**Your objective**.
Each line from the top of the listing down to and including the line with "本次会议主要内容是:三校四区" must be duplicated exactly; pictures are to be skipped.

**Data excerpt**.
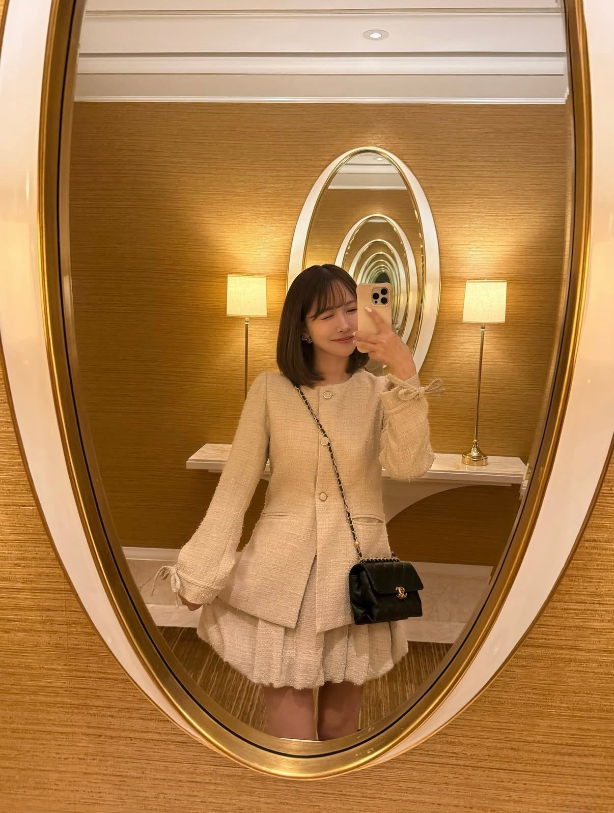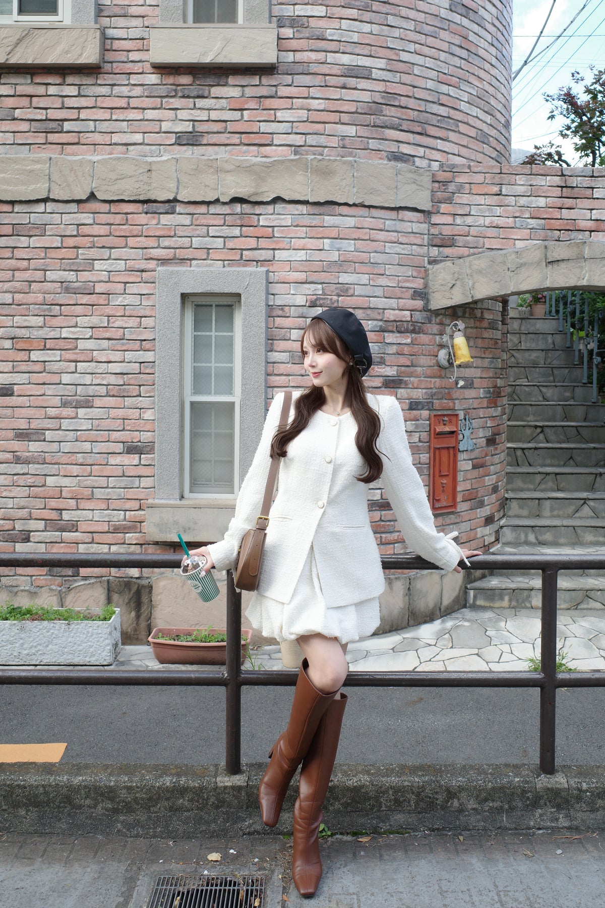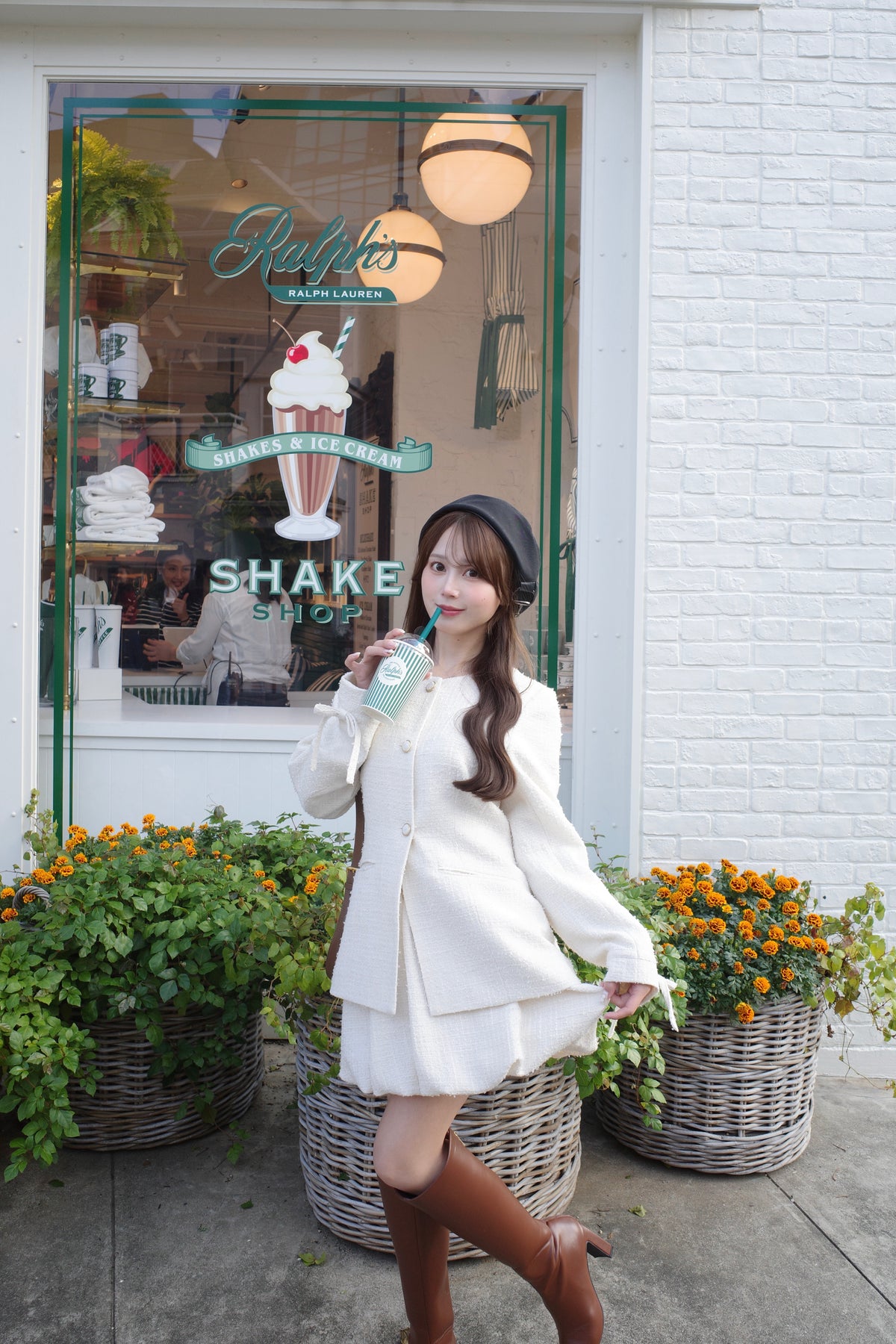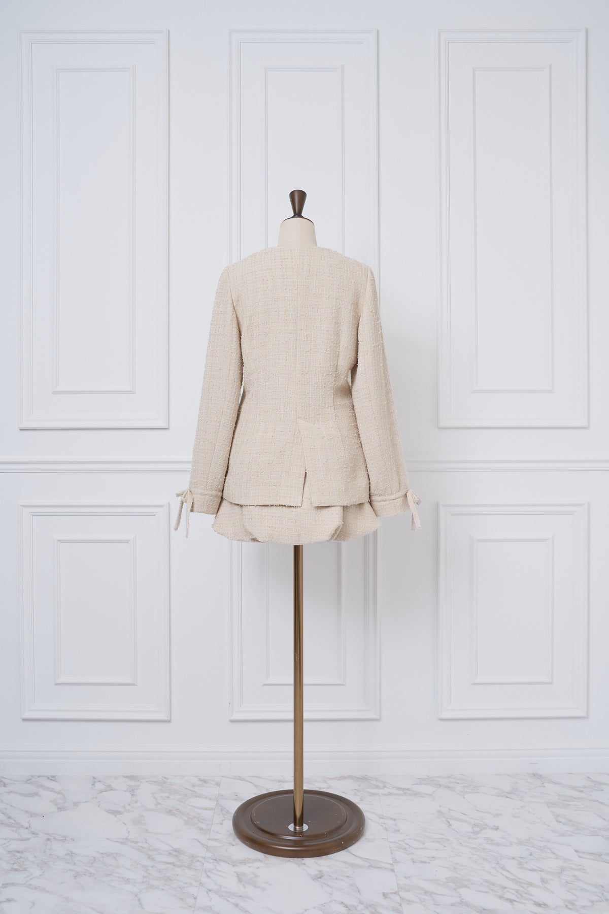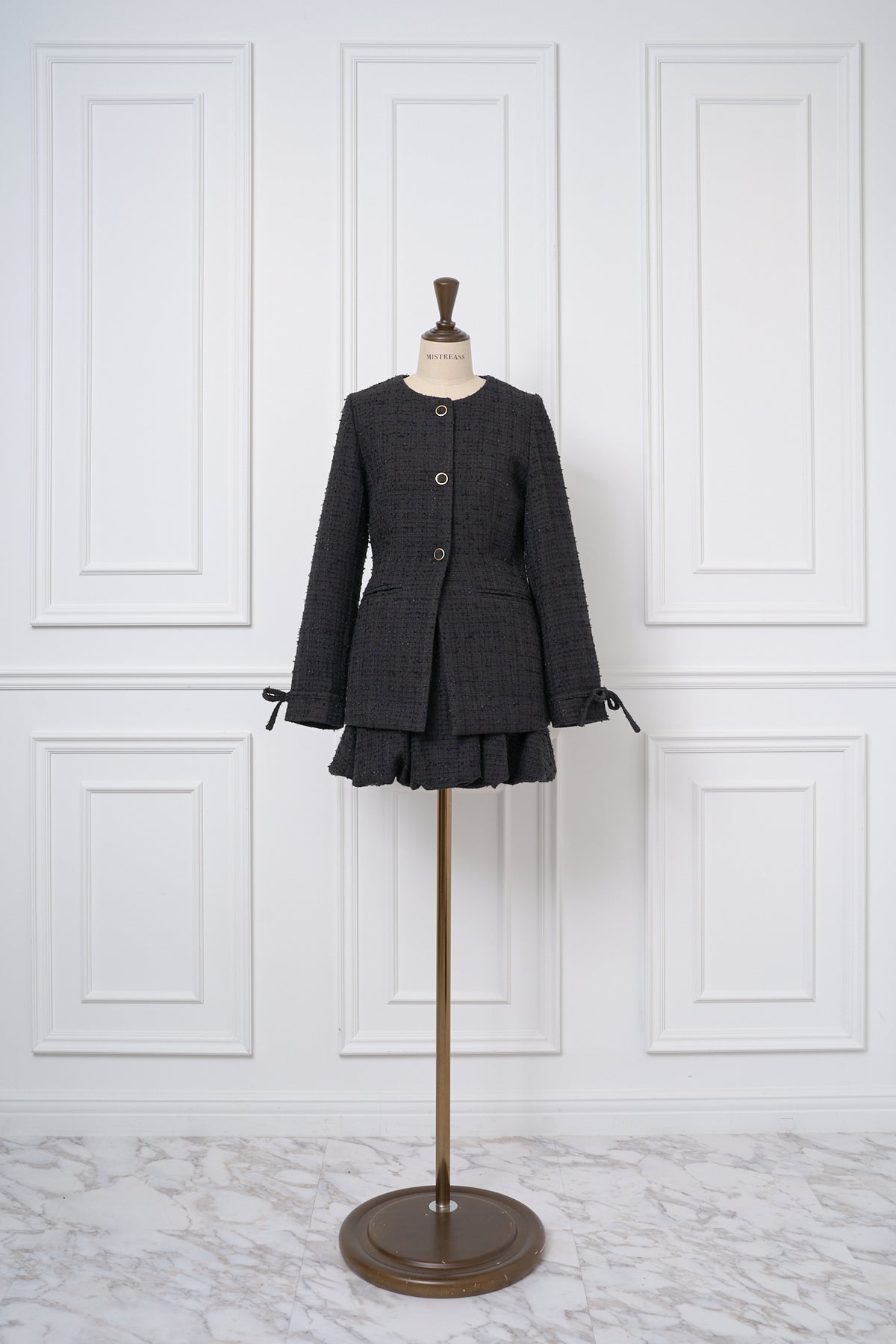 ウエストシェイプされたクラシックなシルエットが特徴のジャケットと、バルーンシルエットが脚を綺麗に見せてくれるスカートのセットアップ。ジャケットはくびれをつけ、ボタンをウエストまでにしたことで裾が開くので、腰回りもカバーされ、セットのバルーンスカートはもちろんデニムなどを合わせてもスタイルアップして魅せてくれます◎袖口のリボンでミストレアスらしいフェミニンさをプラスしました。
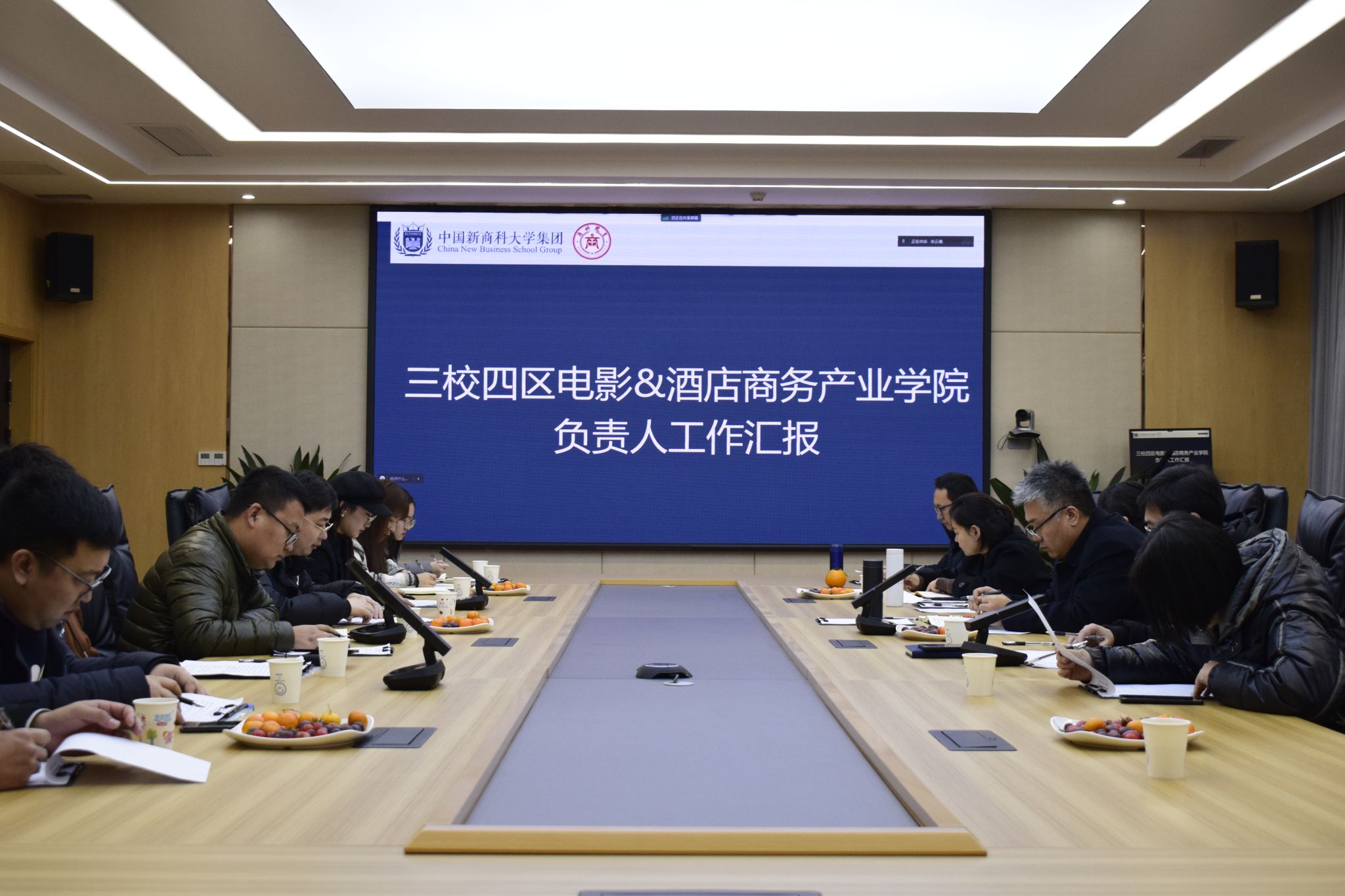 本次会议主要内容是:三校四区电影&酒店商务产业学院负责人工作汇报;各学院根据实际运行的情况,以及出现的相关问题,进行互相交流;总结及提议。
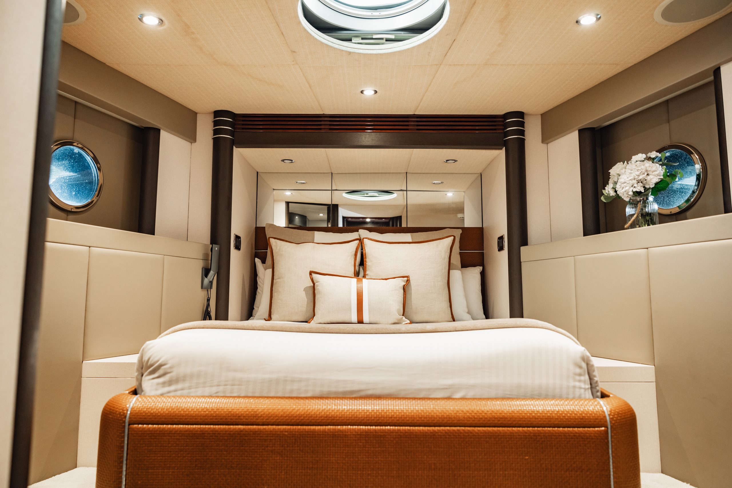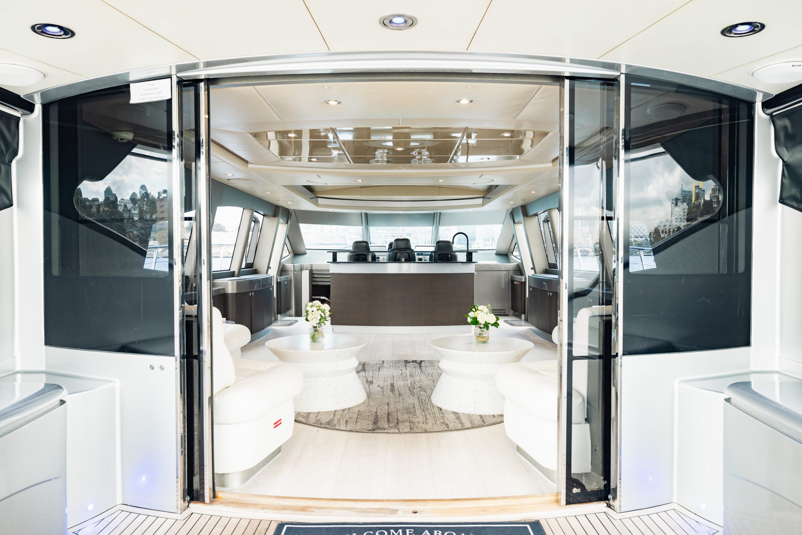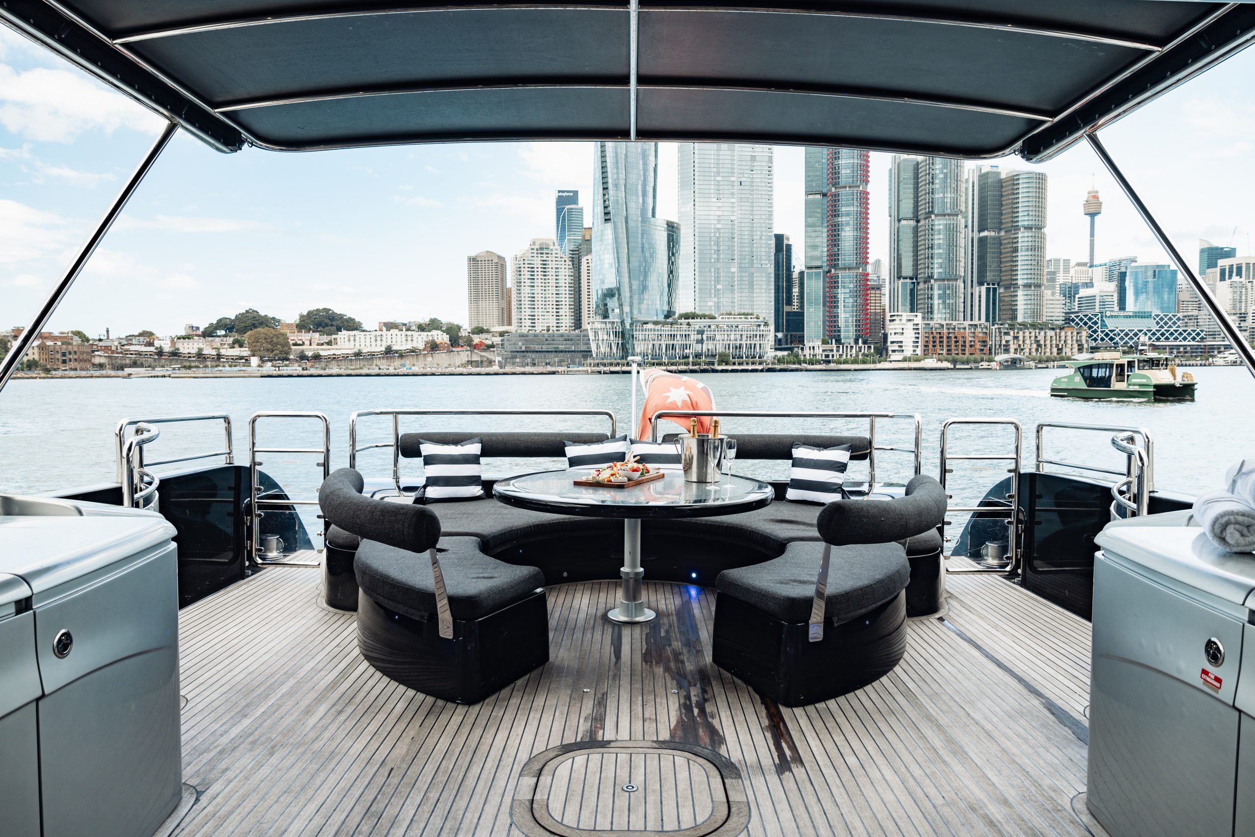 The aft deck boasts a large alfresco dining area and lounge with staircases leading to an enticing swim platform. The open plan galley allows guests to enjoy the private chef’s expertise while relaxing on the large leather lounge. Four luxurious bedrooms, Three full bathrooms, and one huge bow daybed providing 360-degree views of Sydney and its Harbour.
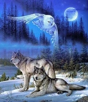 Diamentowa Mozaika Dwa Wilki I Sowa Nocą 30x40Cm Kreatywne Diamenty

**Solution**.
 ウエストシェイプされたクラシックなシルエットが特徴のジャケットと、バルーンシルエットが脚を綺麗に見せてくれるスカートのセットアップ。ジャケットはくびれをつけ、ボタンをウエストまでにしたことで裾が開くので、腰回りもカバーされ、セットのバルーンスカートはもちろんデニムなどを合わせてもスタイルアップして魅せてくれます◎袖口のリボンでミストレアスらしいフェミニンさをプラスしました。
 本次会议主要内容是:三校四区电影&酒店商务产业学院负责人工作汇报;各学院根据实际运行的情况,以及出现的相关问题,进行互相交流;总结及提议。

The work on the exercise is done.